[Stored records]
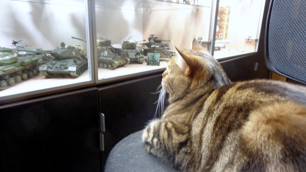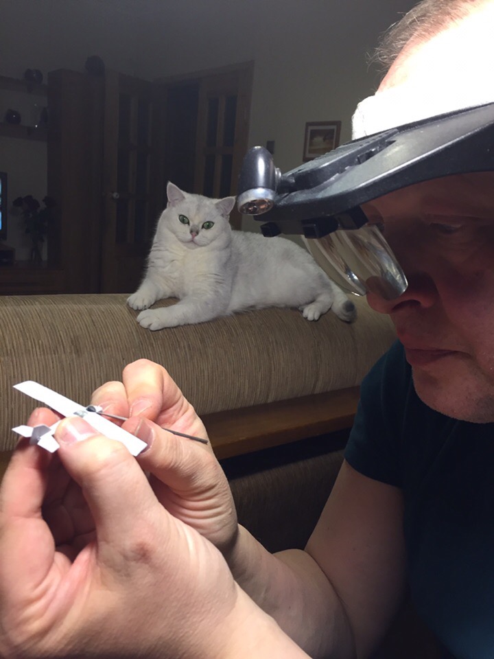 @Сергей Бусаргин,да ничего подобного..на фото где он лежа на кресле смотрит на ис -2 сразу понятно что на матчасть и покраску залип..косяки выискивает..швы и болты считает...мой частенько смотрит как пилю..но фотографироваться не любит..раз надфиль украл...возможно где то за диваном немецкого кошака собирает
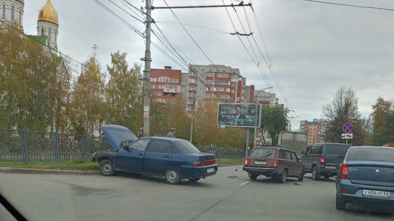 Происшествие случилось на перекрестке в Дашково-Песочне, неподалеку от храма. Одна из машин в результате влетела в столб. На асфальте видны отлетевшие от удара пластиковые детали.
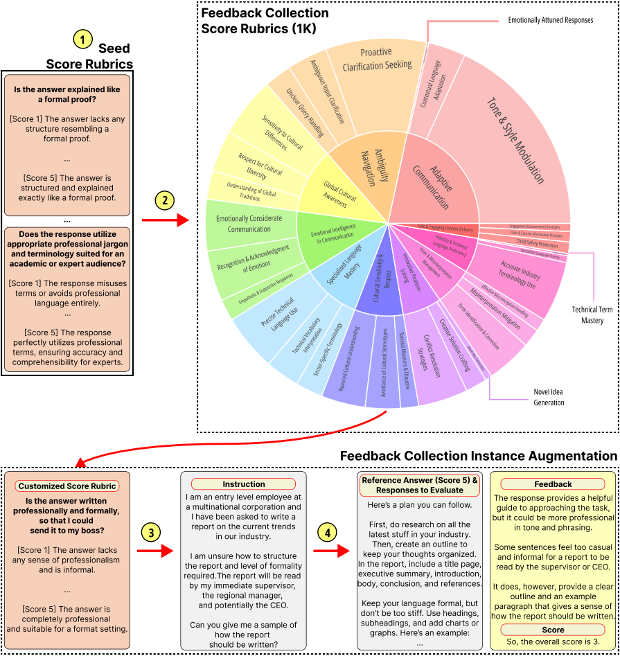 Evaluator LM을 훈련하기 위해 설계된 feedback collection dataset과 평가에 특화된 모델인 Prometheus 제안
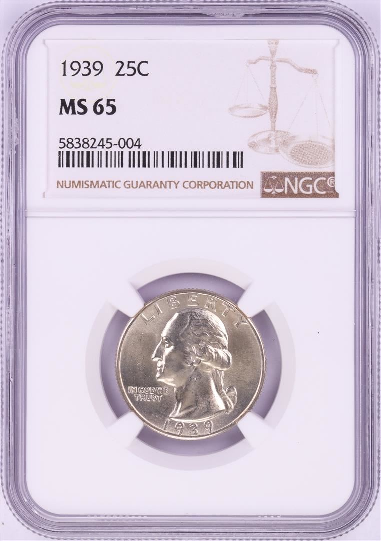 One 1939 Washington Quarter Coin NGC MS65. NGC Certified.
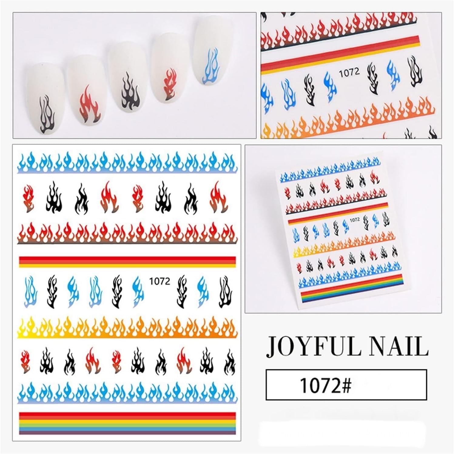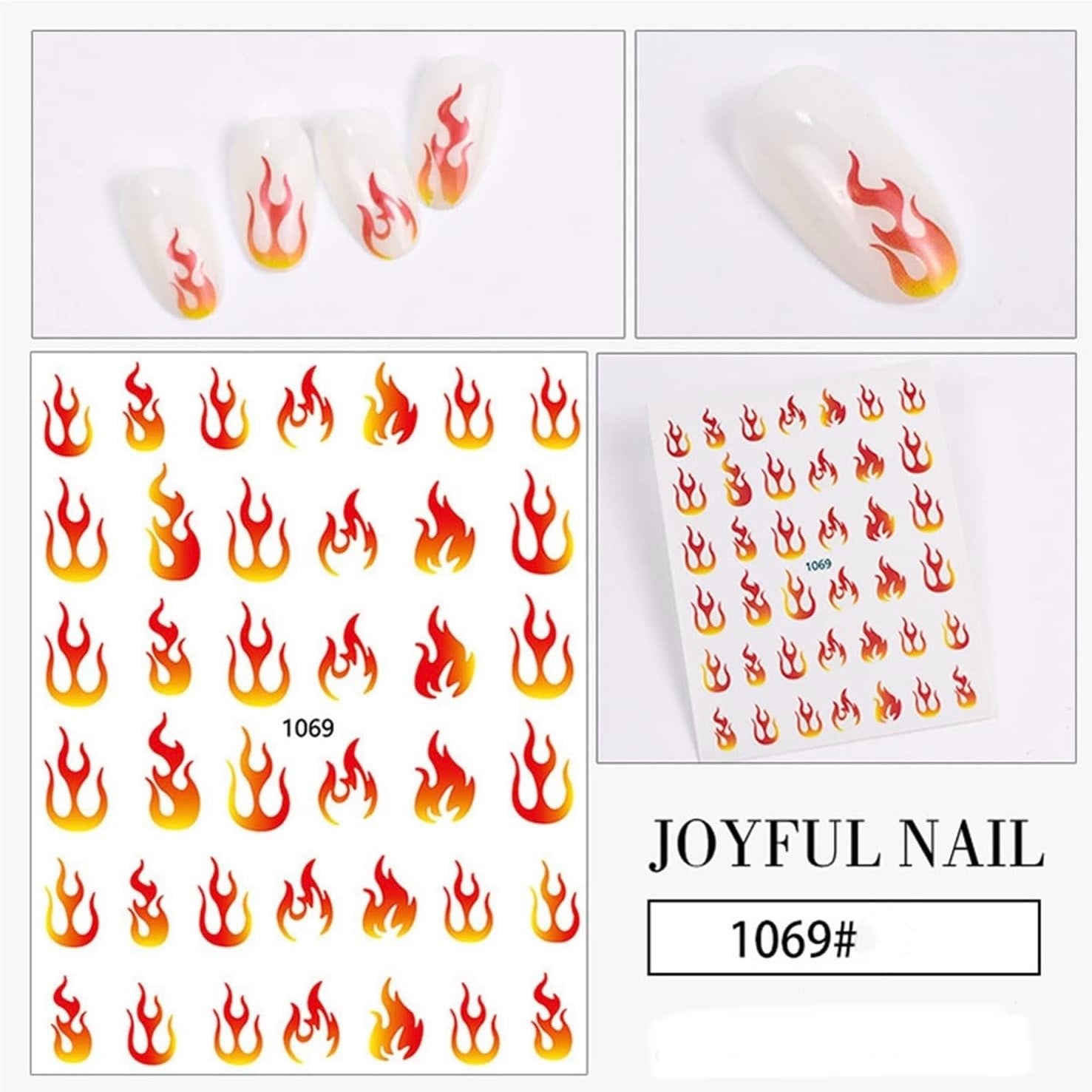 Nail Sticker Flame Fire Torch Light 12 Style 3D Engraved Nail Stickers Art Decorations Nail Decals Vintage Elegant Summer Nail Sticker(1072)
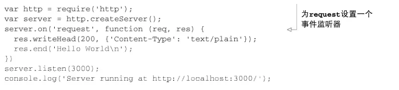 只要有请求过来,它就会激发回调函数 function (req, res) ,把“Hello World”写入到 响应中返回去。这个事件模型跟浏览器中对 onclick 事件的监听类似。在浏览器中,点击事件随 时都可能发生,所以要设置一个函数来执行对事件的处理逻辑,而Node在这里提供了一个可以随 时响应请求的函数。
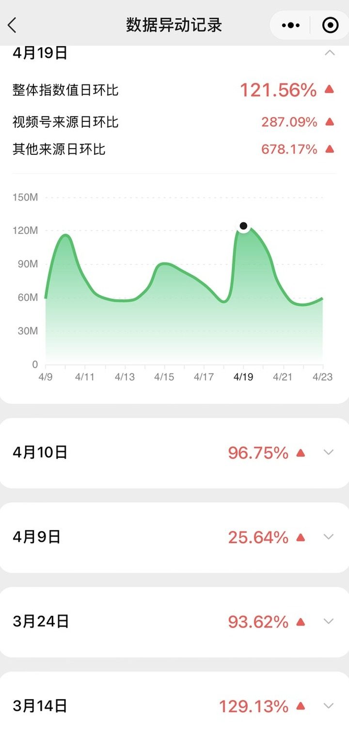 事实上,像吴越一样在3、4月入手冰箱的人不在少数。据微信数据显示,自3月起“冰箱”“冰柜”的指数值不断上升。3月14日“冰箱”的整体指数值日环比上升129.13%,4月19日“冰箱”的整体指数值日环比上升121.56%;4月12日,“冰柜”的整体指数值日环比也上升了268.72%。
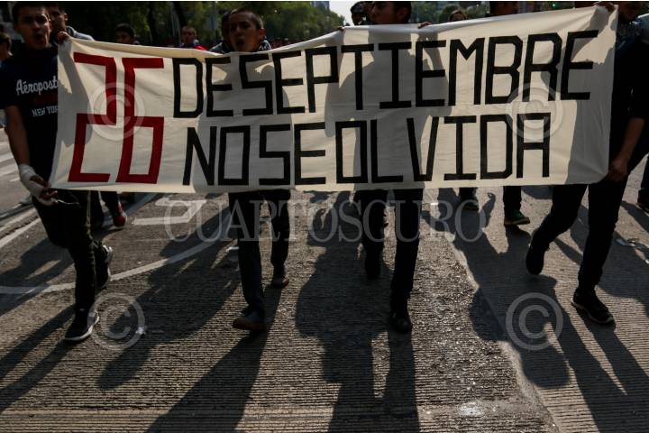 CIUDAD DE MÉXICO, 26SEPTIEMBRE2019.- Cientos de personas marcharon del Ángel de la Independencia al Zócalo capitalino a cinco años de la desaparición de los 43 normalistas de Ayotzinapa. Durante la manifestación un grupo de encapuchados realizaron pintas y ruptura de locales a su paso. FOTO: GALO CAÑAS /CUARTOSCURO.COM
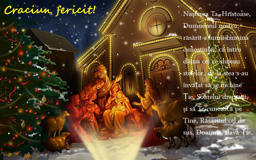 „Nașterea Ta, Hristoase, Dumnezeul nostru, răsărit-a lumii Lumina cunoștinței; că întru dânsa cei ce slujeau stelelor, de la stea s-au învățat să se închine Ție, Soarelui dreptății, și să Te cunoască pe Tine, Răsăritul cel de sus, Doamne, slavă Ție!“ (Troparul Nașterii Domnului) Hristos Se naște, slăviți-L! Hristos din ceruri, întâmpinați-L! |
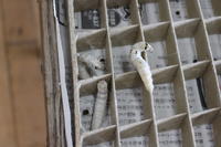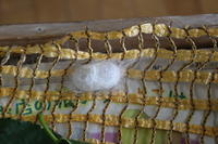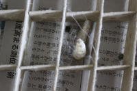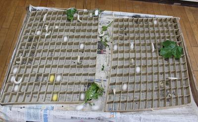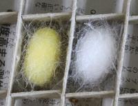 昨日から一夜明けたら、さらにまゆになっているかいこが多くなりました。それぞれ、自分の部屋をみつけ糸をはいてまゆになっていきます。黄色いのがメスで、白いのがオスとのこと。来週の月曜日には、すべてまゆになっていそうです。
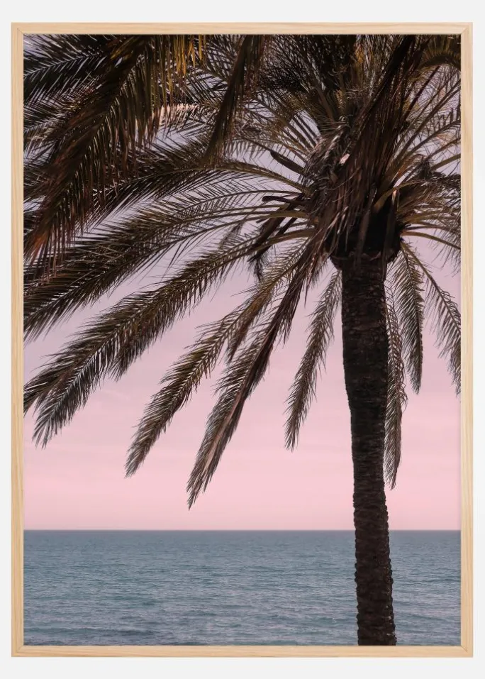 Detaljrigdommen i palmens blade mod den fredfyldte baggrund af himmel og hav skaber en harmonisk og afslappende atmosfære i dette motiv. Farvepaletten af rosa, blå og mørke toner i palmen er både opfriskende og beroligende, hvilket gør denne plakat til et ideelt valg for rum, hvor du ønsker at skabe en afslappende oase eller bare drømme dig væk til en strand langt væk. Denne kunsttryk er en hyldest til naturens skønhed og roen, der kommer med at være tæt på vand.
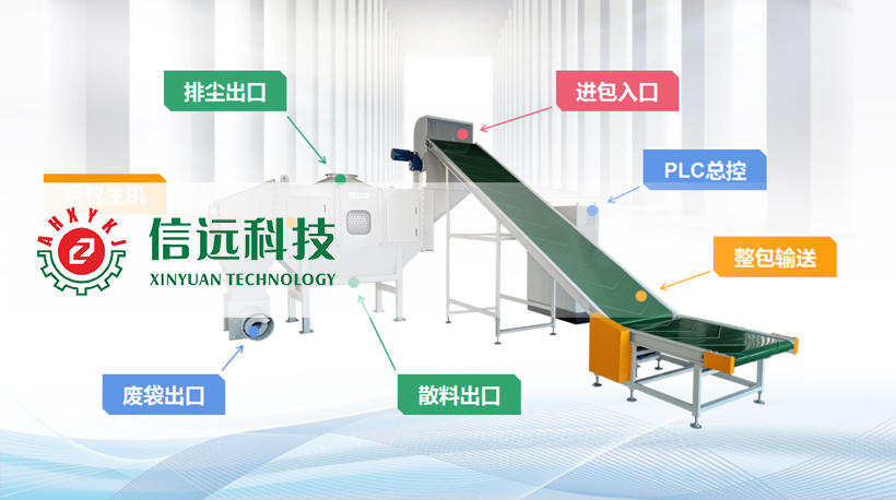 信遠科技新一代全自動破包機,采用PLC智能微機控制,交互界面操作簡易,自動化程度高。生產企業把需要拆破的袋裝物料通過運送裝置進入破包機主機箱,切刀會快速將包裝袋切開并成條狀。切開后,物料與包裝袋隨即進入滾筒篩分裝置內,滾筒通過轉動將物料和包裝袋分離,物料自動落入箱體下方的料斗,滾筒內過濾出來的條狀包裝袋,通過廢袋收集機構完成自動收集。袋、料分離產生的揚塵通過滾筒箱體上方的除塵裝置排出。該機特別適用于干燥的、粉塵大的粉狀物料的破包卸料,具有無粉塵外泄、無需人工參與、生產效率高、篩分效果好、原料浪費低、安全省心省力等綜合優勢。
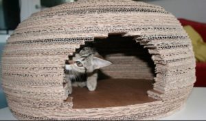 Къщата от гофриран картон е с формата на топка, но са възможни и други варианти. Прилича на пчелен кошер заради вълнообразните слоеве хартия. Котките харесват текстурираната повърхност на материала, с удоволствие го дъвчат и точат ноктите си.

Work required :: The output is the lines from the start of the data above through the line containing "昨日から一夜明けたら、さらに", unchanged, with any picture left out.

Task result ::
 @Сергей Бусаргин,да ничего подобного..на фото где он лежа на кресле смотрит на ис -2 сразу понятно что на матчасть и покраску залип..косяки выискивает..швы и болты считает...мой частенько смотрит как пилю..но фотографироваться не любит..раз надфиль украл...возможно где то за диваном немецкого кошака собирает
 Происшествие случилось на перекрестке в Дашково-Песочне, неподалеку от храма. Одна из машин в результате влетела в столб. На асфальте видны отлетевшие от удара пластиковые детали.
 Evaluator LM을 훈련하기 위해 설계된 feedback collection dataset과 평가에 특화된 모델인 Prometheus 제안
 One 1939 Washington Quarter Coin NGC MS65. NGC Certified.
 Nail Sticker Flame Fire Torch Light 12 Style 3D Engraved Nail Stickers Art Decorations Nail Decals Vintage Elegant Summer Nail Sticker(1072)
 只要有请求过来,它就会激发回调函数 function (req, res) ,把“Hello World”写入到 响应中返回去。这个事件模型跟浏览器中对 onclick 事件的监听类似。在浏览器中,点击事件随 时都可能发生,所以要设置一个函数来执行对事件的处理逻辑,而Node在这里提供了一个可以随 时响应请求的函数。
 事实上,像吴越一样在3、4月入手冰箱的人不在少数。据微信数据显示,自3月起“冰箱”“冰柜”的指数值不断上升。3月14日“冰箱”的整体指数值日环比上升129.13%,4月19日“冰箱”的整体指数值日环比上升121.56%;4月12日,“冰柜”的整体指数值日环比也上升了268.72%。
 CIUDAD DE MÉXICO, 26SEPTIEMBRE2019.- Cientos de personas marcharon del Ángel de la Independencia al Zócalo capitalino a cinco años de la desaparición de los 43 normalistas de Ayotzinapa. Durante la manifestación un grupo de encapuchados realizaron pintas y ruptura de locales a su paso. FOTO: GALO CAÑAS /CUARTOSCURO.COM
 „Nașterea Ta, Hristoase, Dumnezeul nostru, răsărit-a lumii Lumina cunoștinței; că întru dânsa cei ce slujeau stelelor, de la stea s-au învățat să se închine Ție, Soarelui dreptății, și să Te cunoască pe Tine, Răsăritul cel de sus, Doamne, slavă Ție!“ (Troparul Nașterii Domnului) Hristos Se naște, slăviți-L! Hristos din ceruri, întâmpinați-L! |
 昨日から一夜明けたら、さらにまゆになっているかいこが多くなりました。それぞれ、自分の部屋をみつけ糸をはいてまゆになっていきます。黄色いのがメスで、白いのがオスとのこと。来週の月曜日には、すべてまゆになっていそうです。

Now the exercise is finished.